- **YOUR GOAL**:
Word for word, set down the records and skip each picture.

Extracted data entries
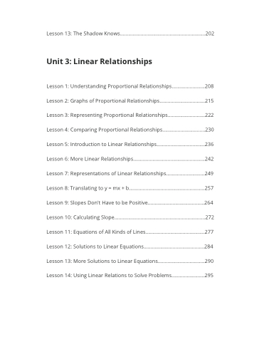 esson 1: Understanding roortional Relationsis esson : ras of roortional Relationsis.1 esson : Reresenting roortional Relationsis esson : Comaring roortional Relationsis. esson : ntroduction to inear Relationsis. esson : ore inear Relationsis esson : Reresentations of inear Relationsis esson : Translating to m b esson : loes ont ae to be ositie esson 1: Calculating loe. esson 11: uations of ll inds of ines esson 1: olutions to inear uations esson 1: ore olutions to inear uations esson 1: Using inear Relations to ole roblems
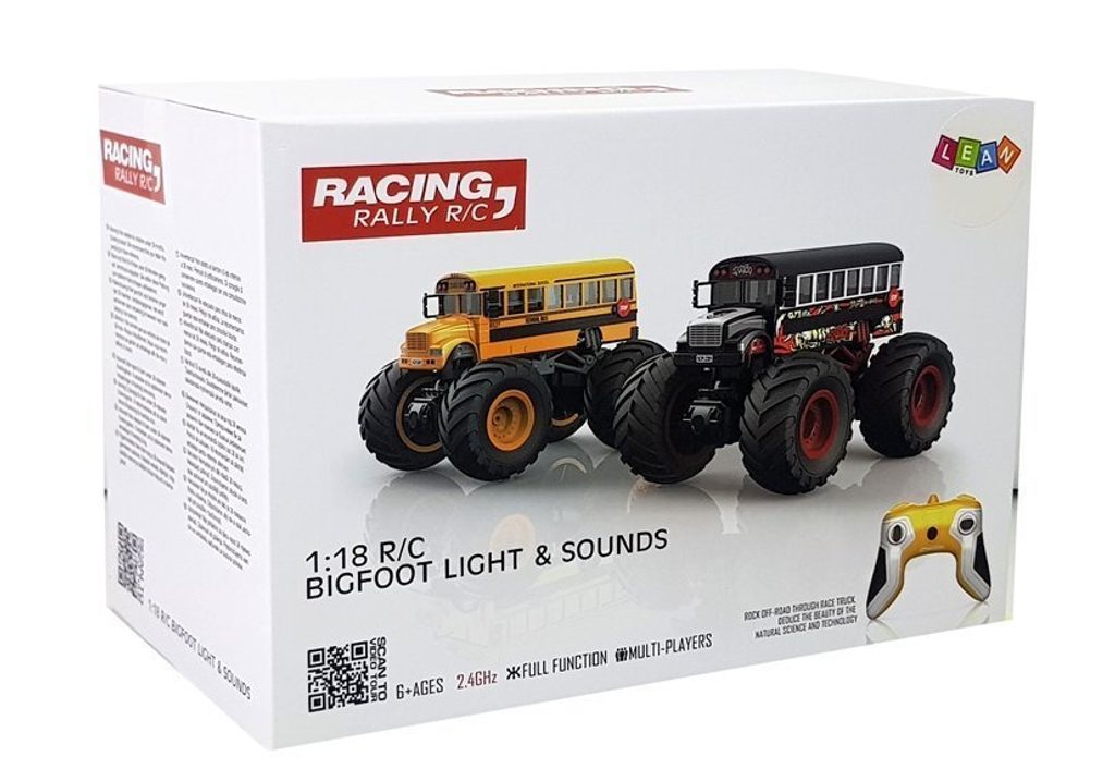 Autobus na dálkové ovládání Bigfoot s dálkovým ovládáním 2,4G se zvýšeným podvozkem umožnuje jízdu dopředu a dozadu, zatáčí doprava a doleva. Je osazeno gumovými koly s velmi dobrou přilnavostí o průměru 8 cm. Součástí balení je dálkový ovladač se 2 páčkami a tlačítkem. Dálkové ovládání je napájeno bateriemi, autíčko je napájeno 3,7V akumulátorem, který je součástí balení spolu s USB nabíječkou. Autobus je vyrobený z odolného plastu a má certifikaci CE.
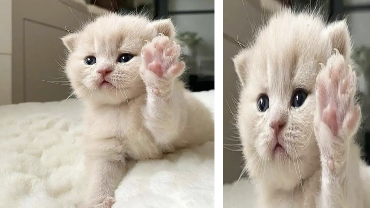 한쪽 발을 드는 고양이가 있습니다.
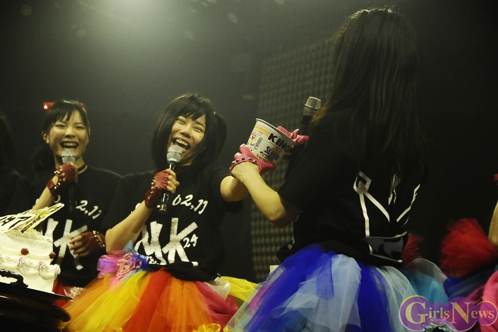 生誕セレモニーでは、森カノンさんに対して、いつも楽屋で食べているというカップラーメンシーフード味やファミリーマートの鶏そぼろ弁当をプレゼント。森カノンさんはプレゼントされたそれらを嬉しそうに食していた。
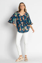 Add a burst of colour and personality to your wardrobe with the LulaLife Arriba Top. Designed in Australia and crafted from 100% cotton, this lightweight piece is all about comfort and fun. The relaxed fit, soft gathers from the neckline, and flounced ¾ sleeves create a flowing, easy-wear silhouette you’ll reach for time and time again. Finished in a bold retro Mexican western-inspired digital print, it’s a statement style that feels effortlessly wearable.
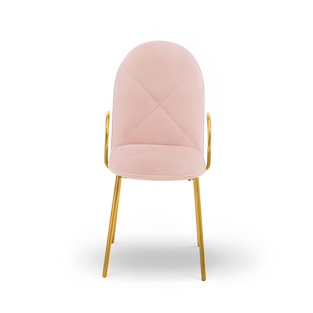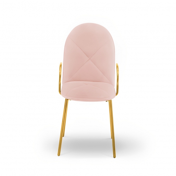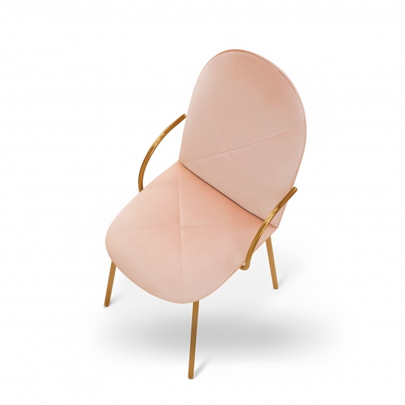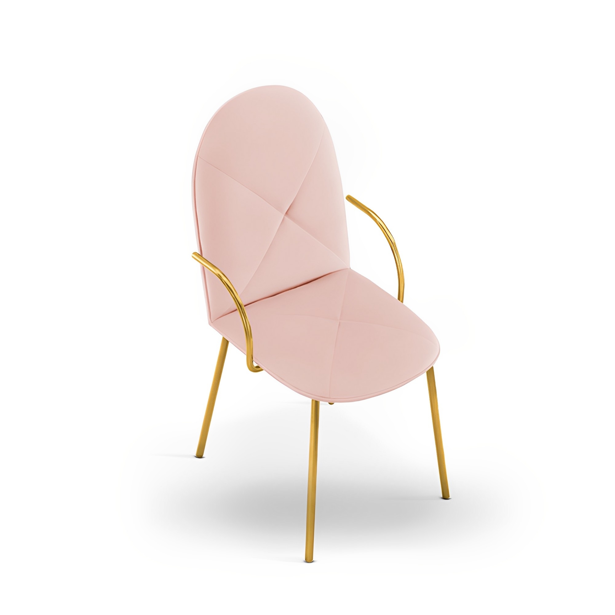 Orion chair from 88 Secrets collection, 92 cm high. Emblem of the contemporary, Orion is a comfortable and welcoming seat, which surprises for its chic and glamorous graphic effect, but also for its unique comfort. It features a luxurious fabric upholstery and an elegant metallic finish that adds a sophisticated touch, enhancing any space. Designed by Nika Zupanc for Scarlet Splendour
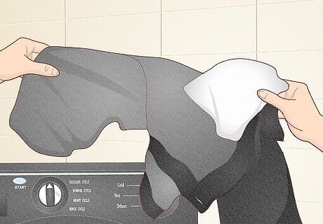 Check for specific washing and drying instructions on each item. Reading labels is always a good precaution, regardless of what you’re washing. Ensure your clothing is machine washable (since not all clothing is), and you know the best way to wash each article. Expensive clothing (like a black business suit, for example) may be dry-clean only, meaning you’ll have to take it to the dry cleaners. Other clothing, like wool clothing, may be hand-wash only. Wash those items in a sink or tub with a small amount of detergent; then, rinse them and then hang them or lay them flat to dry. Care tags are there for a reason! Following their instructions can keep your dark and black clothing looking new for longer.
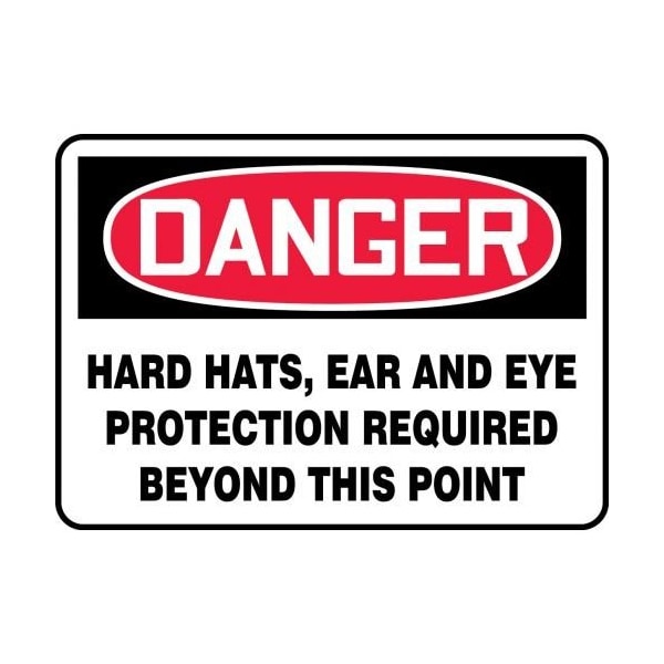 Accuform Danger Safety Sign, Header DANGER, Text Legend, Legend HARD HATS, EAR AND EYE PROTECTION REQUIRED BEYOND THIS POINT, Plastic, 7 in Height, 10 in Width, RedBlack on white LegendBackground
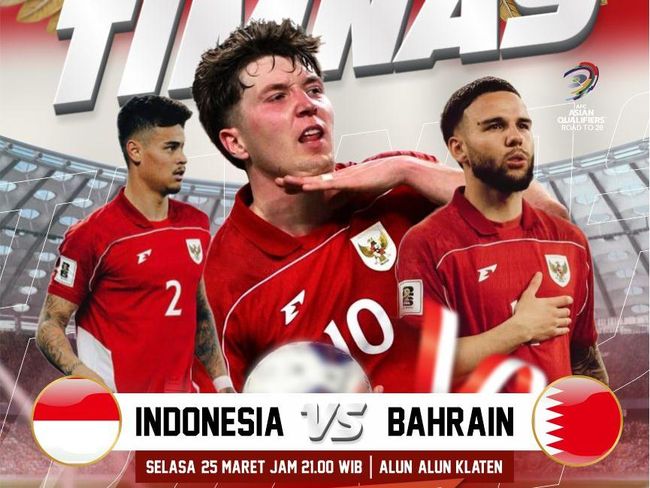 Duel Indonesia vs Bahrain di putaran ketiga Kualifikasi Piala Dunia 2026 zona Asia berlangsung di Stadion Gelora Bung Karno, Jakarta, Selasa (25/3/2025). Kick off pukul 20.45 WIB.
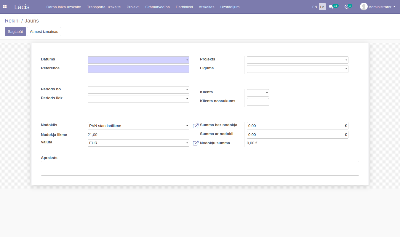 Lai izveidotu jaunu rēķinu, lietotājam nepieciešams aizpildīt laukus:
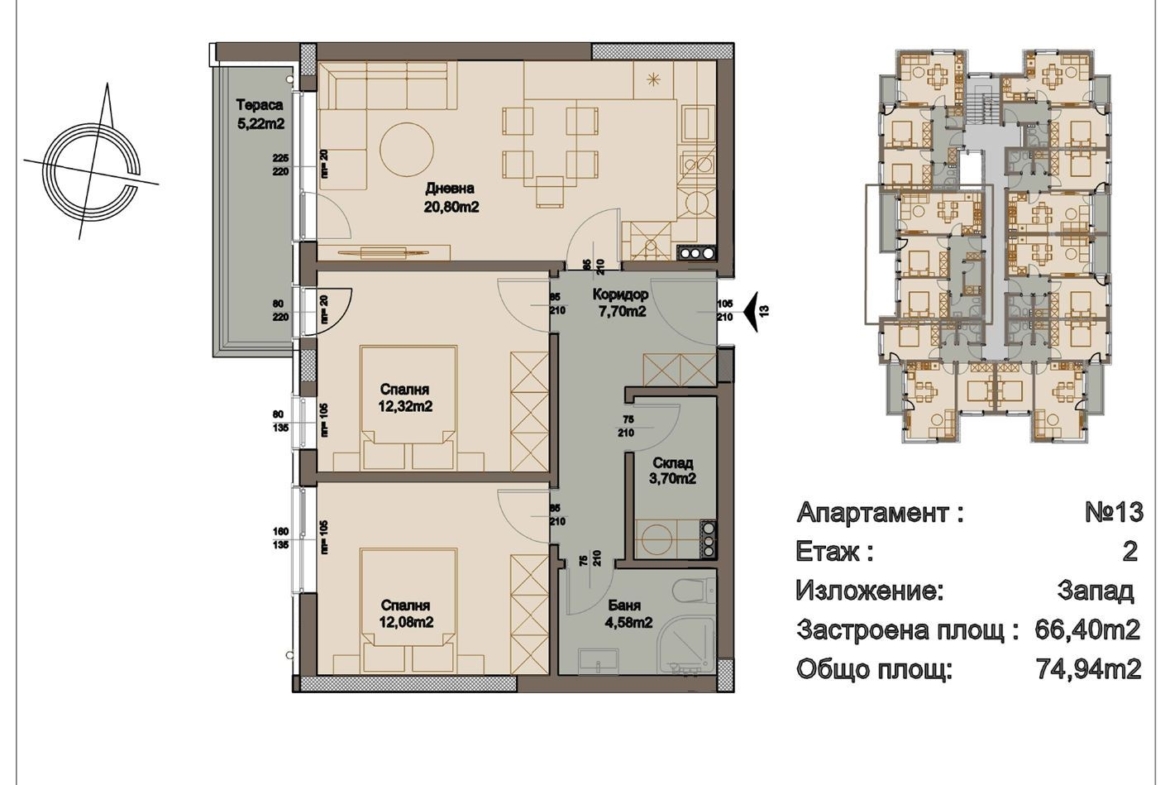 Разпределение: Всекидневна с кухненски бокс, 2 спални, баня с тоалетна, складово помещение, коридор и тераса.
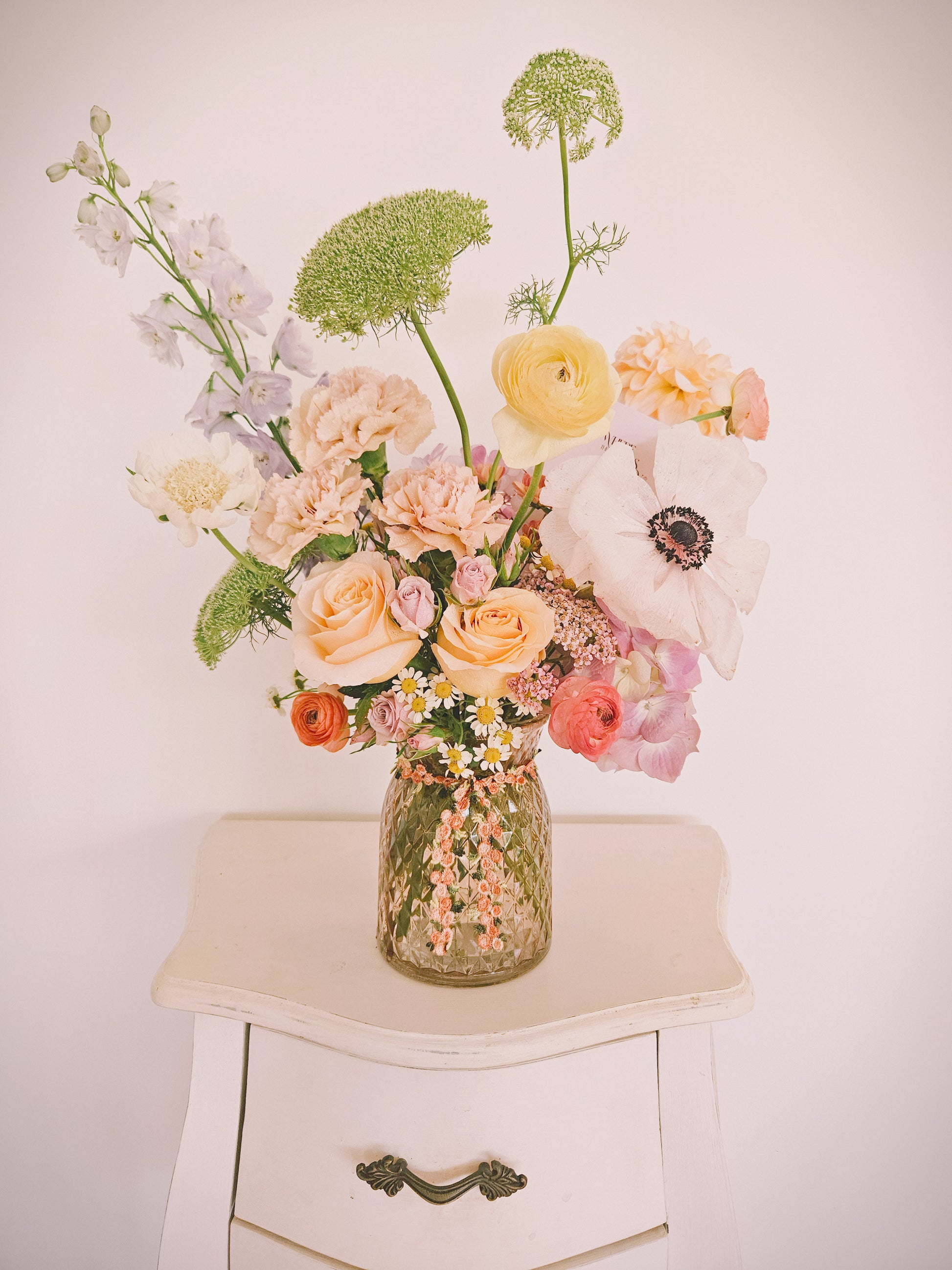 A beautiful blend of seasonal blooms in warm peach, blush and buttercream tones are thoughtfully arranged in a textured glass vessel, creating a design that feels abundant yet effortlessly natural. Delicate layers of flowers and whimsical stems give the arrangement its signature cottage-garden charm.

- **ANSWER SECTION**:
 esson 1: Understanding roortional Relationsis esson : ras of roortional Relationsis.1 esson : Reresenting roortional Relationsis esson : Comaring roortional Relationsis. esson : ntroduction to inear Relationsis. esson : ore inear Relationsis esson : Reresentations of inear Relationsis esson : Translating to m b esson : loes ont ae to be ositie esson 1: Calculating loe. esson 11: uations of ll inds of ines esson 1: olutions to inear uations esson 1: ore olutions to inear uations esson 1: Using inear Relations to ole roblems
 Autobus na dálkové ovládání Bigfoot s dálkovým ovládáním 2,4G se zvýšeným podvozkem umožnuje jízdu dopředu a dozadu, zatáčí doprava a doleva. Je osazeno gumovými koly s velmi dobrou přilnavostí o průměru 8 cm. Součástí balení je dálkový ovladač se 2 páčkami a tlačítkem. Dálkové ovládání je napájeno bateriemi, autíčko je napájeno 3,7V akumulátorem, který je součástí balení spolu s USB nabíječkou. Autobus je vyrobený z odolného plastu a má certifikaci CE.
 한쪽 발을 드는 고양이가 있습니다.
 生誕セレモニーでは、森カノンさんに対して、いつも楽屋で食べているというカップラーメンシーフード味やファミリーマートの鶏そぼろ弁当をプレゼント。森カノンさんはプレゼントされたそれらを嬉しそうに食していた。
 Add a burst of colour and personality to your wardrobe with the LulaLife Arriba Top. Designed in Australia and crafted from 100% cotton, this lightweight piece is all about comfort and fun. The relaxed fit, soft gathers from the neckline, and flounced ¾ sleeves create a flowing, easy-wear silhouette you’ll reach for time and time again. Finished in a bold retro Mexican western-inspired digital print, it’s a statement style that feels effortlessly wearable.
 Orion chair from 88 Secrets collection, 92 cm high. Emblem of the contemporary, Orion is a comfortable and welcoming seat, which surprises for its chic and glamorous graphic effect, but also for its unique comfort. It features a luxurious fabric upholstery and an elegant metallic finish that adds a sophisticated touch, enhancing any space. Designed by Nika Zupanc for Scarlet Splendour
 Check for specific washing and drying instructions on each item. Reading labels is always a good precaution, regardless of what you’re washing. Ensure your clothing is machine washable (since not all clothing is), and you know the best way to wash each article. Expensive clothing (like a black business suit, for example) may be dry-clean only, meaning you’ll have to take it to the dry cleaners. Other clothing, like wool clothing, may be hand-wash only. Wash those items in a sink or tub with a small amount of detergent; then, rinse them and then hang them or lay them flat to dry. Care tags are there for a reason! Following their instructions can keep your dark and black clothing looking new for longer.
 Accuform Danger Safety Sign, Header DANGER, Text Legend, Legend HARD HATS, EAR AND EYE PROTECTION REQUIRED BEYOND THIS POINT, Plastic, 7 in Height, 10 in Width, RedBlack on white LegendBackground
 Duel Indonesia vs Bahrain di putaran ketiga Kualifikasi Piala Dunia 2026 zona Asia berlangsung di Stadion Gelora Bung Karno, Jakarta, Selasa (25/3/2025). Kick off pukul 20.45 WIB.
 Lai izveidotu jaunu rēķinu, lietotājam nepieciešams aizpildīt laukus:
 Разпределение: Всекидневна с кухненски бокс, 2 спални, баня с тоалетна, складово помещение, коридор и тераса.
 A beautiful blend of seasonal blooms in warm peach, blush and buttercream tones are thoughtfully arranged in a textured glass vessel, creating a design that feels abundant yet effortlessly natural. Delicate layers of flowers and whimsical stems give the arrangement its signature cottage-garden charm.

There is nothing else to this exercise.